Each of the other eight balloons had been assigned a chase boat. Ours had bravely plunged through the stormy seas trying to follow our erratic route. A dauntless task. They had continued for some four hours. Happily they saw us crash. They also saw the balloon refuse to crash for another 15 minutes—a very long 15 minutes.

"My God, we are in deep do-do," cried Frank. "If the balloon makes it alone to the shore, our asses will be in an FAA sling!"

We treaded water and waited. Finally the balloon made a landing off of Dana Point, California. We waited for our chase boat to arrive. At last a very jubilant group arrived—mostly press—mostly drunk. The four hours had taken its toll. It had been a long and bumpy voyage.

"There is your balloon," shouted the skipper. "Go get it."

He obviously had had enough for one day. Probably enough for life. He kept his boat nearby as Frank and I flirted with heart attacks trying to retrieve our sodden beleaguered balloon.
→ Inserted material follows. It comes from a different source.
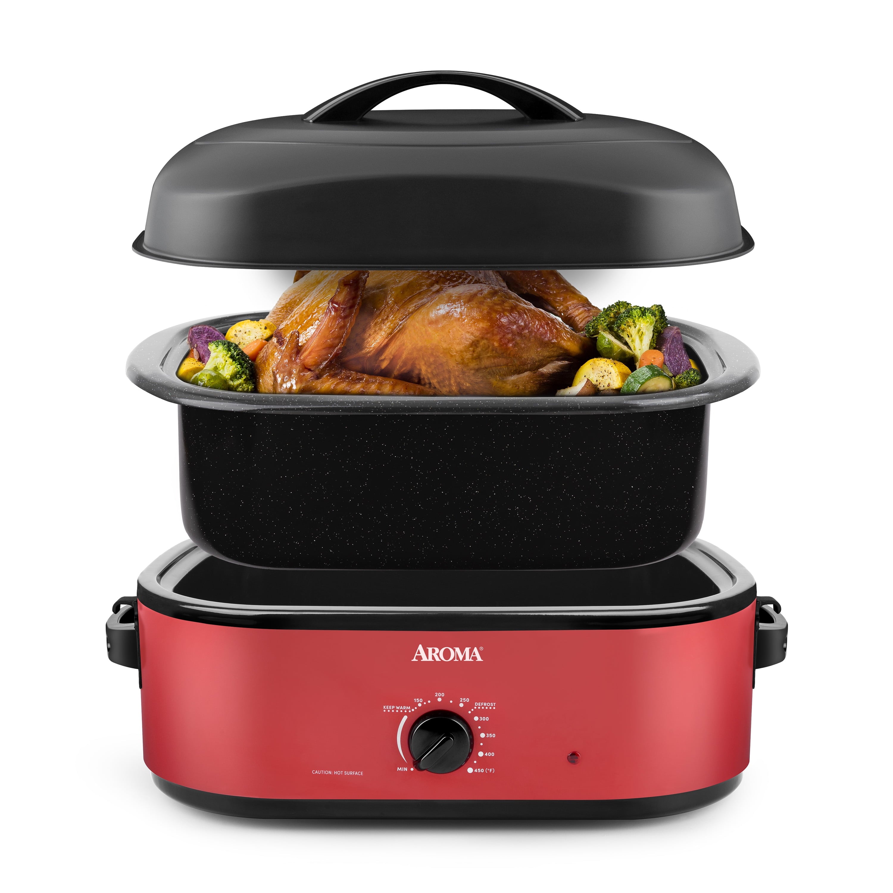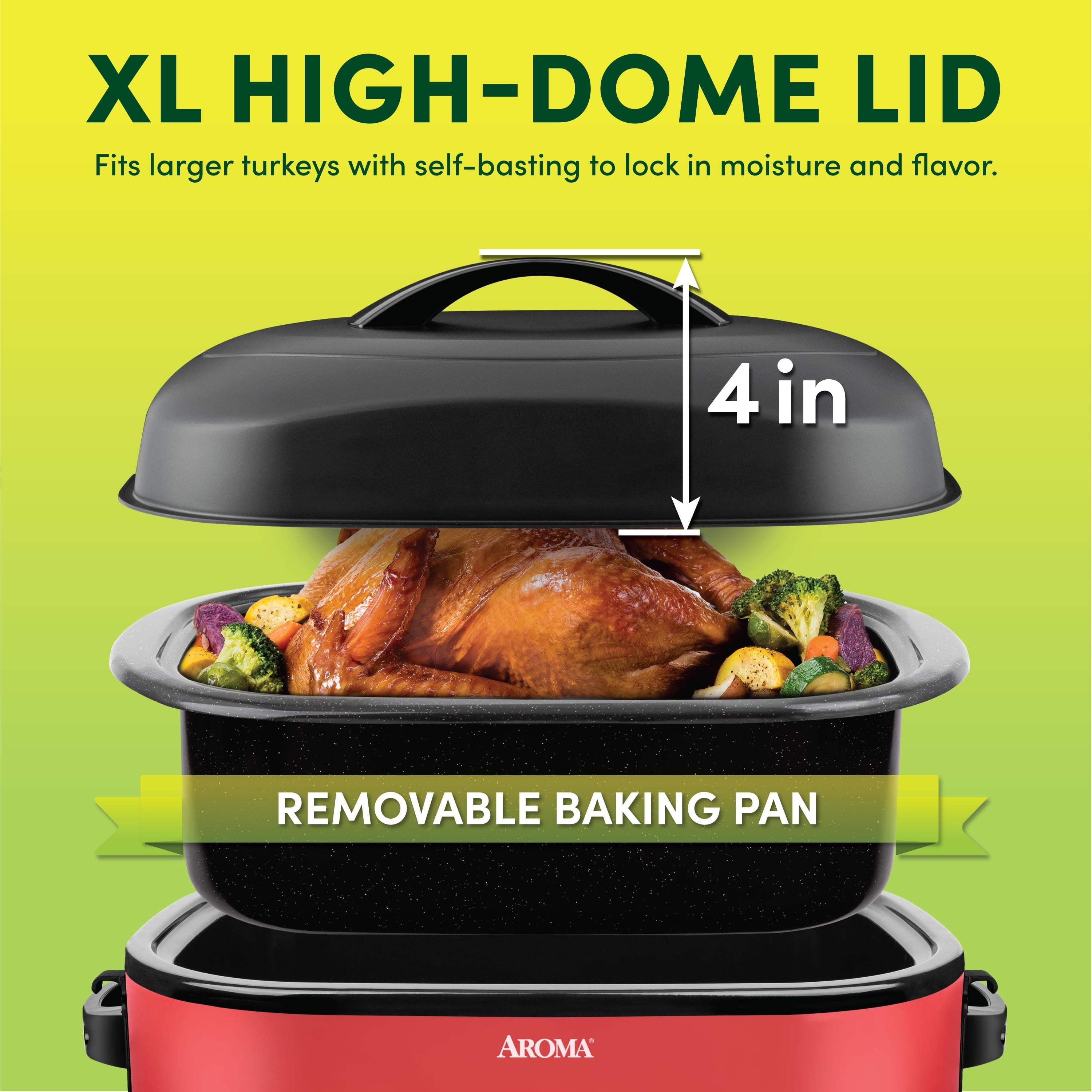 Roast a 24-pound turkey or whole ham in the Aroma® Electric Roaster Oven. The new, domed lid provides better heat circulation and traps steam for moist, tender meat without basting. The 18-quart electric roaster pan features the durable 8X Bonded Granite® Enamel Pan for superior cooking performance and easy cleaning. The stainless steel rack allows for effortless lifting and serving. Electric roaster ovens cook more efficiently, so you can ‘slow’ roast faster. Adjust the temperature from 150° to 450°F, with settings for defrost and keep warm.

There was nothing beleaguered about the press. They were delighted with their story—the story that hadn't ended yet.

Frank and I were dropped off at the Oceanside Coast Guard Rescue Station. Later, after a warm shower and two dozen choruses of "Sweet Adeline," I placed a telephone call to my cousin who lived in nearby Del Mar.

Cliff: "Hello, Bill?"

Bill: "Yeh, Cliff?"

Cliff: "Yeh. Say, Bill, will you come and get me?"

Bill: "Sure. Where are you, pal?"

Cliff: "Oceanside Coast Guard Rescue Station...We crashed."

Bill: "Crashed? In your plane?"

Cliff: "No. In a balloon."

Bill: "...ah.ah.a balloon??"

Cliff: "Yeh." (There was a long pause. Finally I heard what was expected)

Bill (to his wife nearby): "It's Cliff, dear. Just another one of his practical jokes. You'll never believe it—I sure as hell don't." He chuckled, and as I expected, hung up.

Editor's Notes: Old Crow was the name of the plane of one of Cliff's still living heroes, P-51 fighter ace "Bud" Anderson, a modest and great hero. Bud and Old Crow are still flying at Oshkosh in July.

Academy Award and Emmy Award winning screen star Cliff Robertson has owned and flown a wide array of aircraft, including a Spitfire MK IX, a Messerschmitt ME-108, a French aerobatic Stampe SV4 biplane, a Grob Astir glider (in which he still holds a distance record) and a Beech Baron 58. A holder of single, multi, instrument and commercial licenses, as well as balloon, the pilot of many thousands of hours has accumulated many aviation awards, including EAA's highest Eagle award and the AOPA Sharples award. The American Veteran Association recently honored Cliff as Veteran of the Year. His columns will appear in his soon-to-be-published book.